Hacker News new | ask | show | jobs
by JimmyRuska 1069 days ago
It's difficult to compete. A small business might answer 10,000 requests to their chat bot. The options are

- Pay openai less than $50mo

- Manage cloud gpus, hire ml engineers > $1000/mo

- Buy a local 4090 and put it under someone's desk, $no reliability +$1500 fixed

Any larger business will need scalability and you still can't compete with openai pricing.

Maybe one of you startup inclined people can make an openllama startup that charges by request and allows for finetuning, vector storage

8 comments

I’ve got an expensive GPU at home I’m not even using because there aren’t that many things to do with it. Give me more local options.
Let other people pay you to run their stuff on your hardware with Vast.ai.
Even if you are not into coding there are many good AI tools that run local. Two very easy examples:

I've had great fun with the " Easiest 1-click way to install and use Stable Diffusion on your computer."

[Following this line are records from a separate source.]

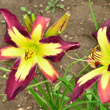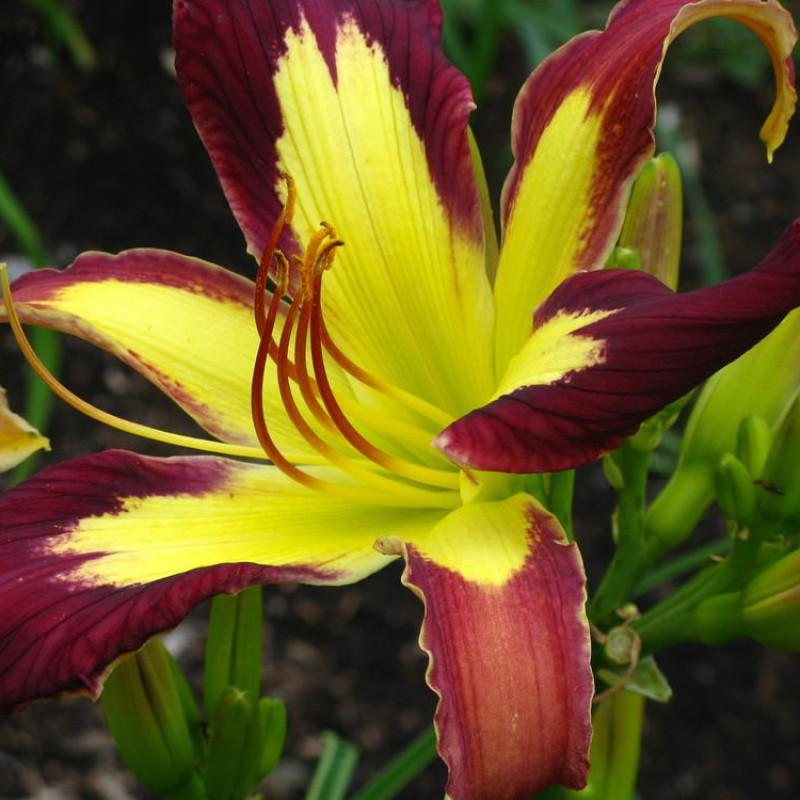Для любителей Спайдеров (лилейников с длинными узкими лепестками). Пурпурно-бордовый с зеленовато-жёлтой звездой в центре. Цветок огромный, от 28 см в диаметре.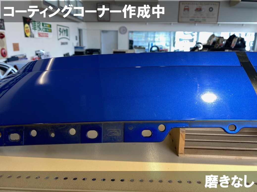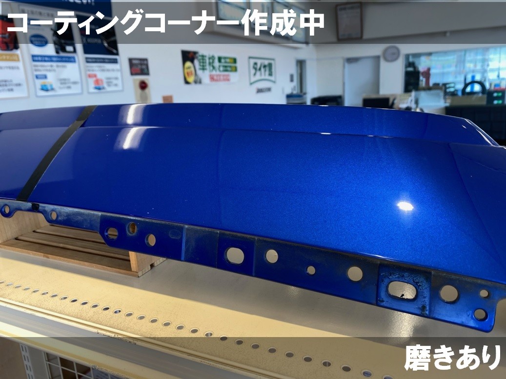 ボディ磨き&コーティング実施中!! ポスト 2024年7月5日 ボディ磨き&コーティング実施中!! 店内の展示用見本バンパーを磨き施工してもらいました!! 当店ではお店にコーティング屋さんが来てくれて磨きやコーティング施工をしてくれます! 写真でもわかるように、磨きあり・なしでは見栄えが全然違います! 小さく切ったバンパーですがコーティングのプロにお願いすると10分程でピカピカに磨きあがりました。 ボディコーティングのご相談はぜひ当店にお任せください! カテゴリ:コーティング関連 担当:星野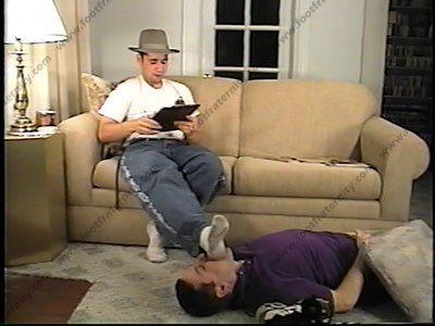 In Hilfiger Jeans, sneakers, smelly white socks with gray soles, Nikko teases & torments his boss, He learned that his "pain in the ass" boss is Bi. He uses this info as blackmail to make his boss his foot slave. ALL VERBAL humiliation & abuse as Nikko makes the boss smell, kick, kiss his sweaty sox, lick, suck, kiss & love his bare feet. He reads the comments that his coworkers wrote, treats Marcus like dirt, wipes his feet on him, makes him suck toes, lick between them, spits in his face & mouth, makes him lick his sweaty sox clean. Laughing, teasing, all with verbal & hot talk & embarrassment of the boss, making him grovel! Two camera views (one close up) of this hot scene as he orders his foot worship. Now HE gives the orders. He smokes cigarettes, ashes in his mouth, spits, teases, & does what his co-workers want him to do to humiliate the guy. This 20-year-old punk really likes the power that he has with his feet. He is cocky and a lot of attitude. (Bonus at end of the scene - bare feet from the beach!)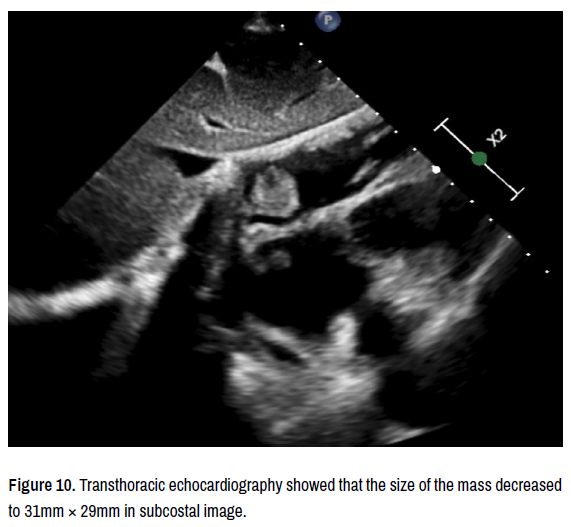 Figure 9. Transthoracic echocardiography showed that the size of the mass decreased to 31mm × 29mm.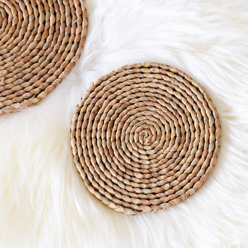 Large water grass round pad diameter 28 cm Medium water grass round pad diameter 20 cm Small corn husk round pad diameter 15 cm Large corn husk round pad diameter 28 cm Small water grass round pad diameter 15

https://github.com/easydiffusion/easydiffusion

And while Whisper is OpenAI, it is trivial to use locally and extremely usefull

https://github.com/chidiwilliams/buzz

It depends heavily on the use case, not org size. I consult for a ~70 people org that needs to process ~1M tokens per day. That costs $30K per day on OpenAI ChatGPT API. I'm sure this is not an extraordinary case.
Each person in the org needs 1M GPT-4 token and semantic search can’t be used to trim queries? I would be super curious to know more about this use case.
The data doesn't scale according to employee size. If they manage to cut the headcount in half, they'd still need to process the same amount of info.

The use case is based on public information on the internet. News articles, PRs, social media posts, etc.

LLMs are used to extract info from text in a structured format. It used to have several classification and NLP models to do the job, but now a single LLM can do it faster and with better accuracy.

I have a 4080, let’s do a startup. #cancode #hashomelab
> Maybe one of you startup inclined people can make an openllama startup that charges by request

I'm currently building www.lalamon.us specifically to provide a fully hosted open source model experience. One slight difference is that I'm providing a private chat instance for each user, so charging based on hours of active chat usage seemed to make more sense. Per-request charging seems more unpredictable for users, but I'd be interested in hearing the case either way.

Feel free to reach out with more questions if interested; my email is in my profile.

Doing this. We soft launched yesterday with a paid Falcon-40B playground - 3 models for now Falcon 40b instruct, uncensored, and base. Adding API and per token pricing this week.

https://api.llm-utils.org/

And more models coming soon.

Vector storage isn’t on the roadmap (what stops using a separate vector store from working well? Could add to roadmap but want to add understand more first), and we could add fine tuning if it’s a common request.

Lots of people using LLMs to make chat bots from their existing datasets: customer service troubleshooting, FAQs, billing, scheduling. Being able to upload their own pdfs, spreadsheets, docx, crawl their home page, lets the chat bot become personalized to their use case. While you could locally query your own vectordb before prompting, people buy paid service so they won't have to manage any of the technical details.

If people can drag and drop some files from their nas, you parse them with apache tika or similar https://tika.apache.org/ , they can start using personalized branded bots. It also lets you do things like refusing to answer, if the vector database returns nothing and the use case requires a specific answer from the docs only (not the llm to make stuff up).

For those use cases the “custom ChatGPT” tools I linked here might be better https://news.ycombinator.com/item?id=36649777
Shouldn't you use a .com tld?

Will your pricing be competitive with Replicate?

Not secure... NET::ERR_CERT_COMMON_NAME_INVALID Subject: *.safezone.mcafee.com

Issuer: McAfee OV SSL CA 2

Expires on: Aug 3, 2023

Current date: Jul 8, 2023

PEM encoded chain: -----BEGIN CERTIFICATE----- MIIGfzCCBWegAwIBAgIQKt9VNrFtaozA1bILX1OcfzANBgkqhkiG9w0BAQsFADBk MQswCQYDVQQGEwJVUzELMAkGA1UECBMCQ0

FastChat-T5 can work for such a use case and it runs on (beefy) CPUs. With a 700$/month instance, it can do 4 conversations simultaneously, without needing GPUs.

The instant a company has sensitive data, this becomes very viable.

Wait until winter time and heat your house!
Good double use of that low entropy energy. Heat pumps excepted.
People don't scale. This is personal. Only 3 is a good choice for people in a site with the name hacker something.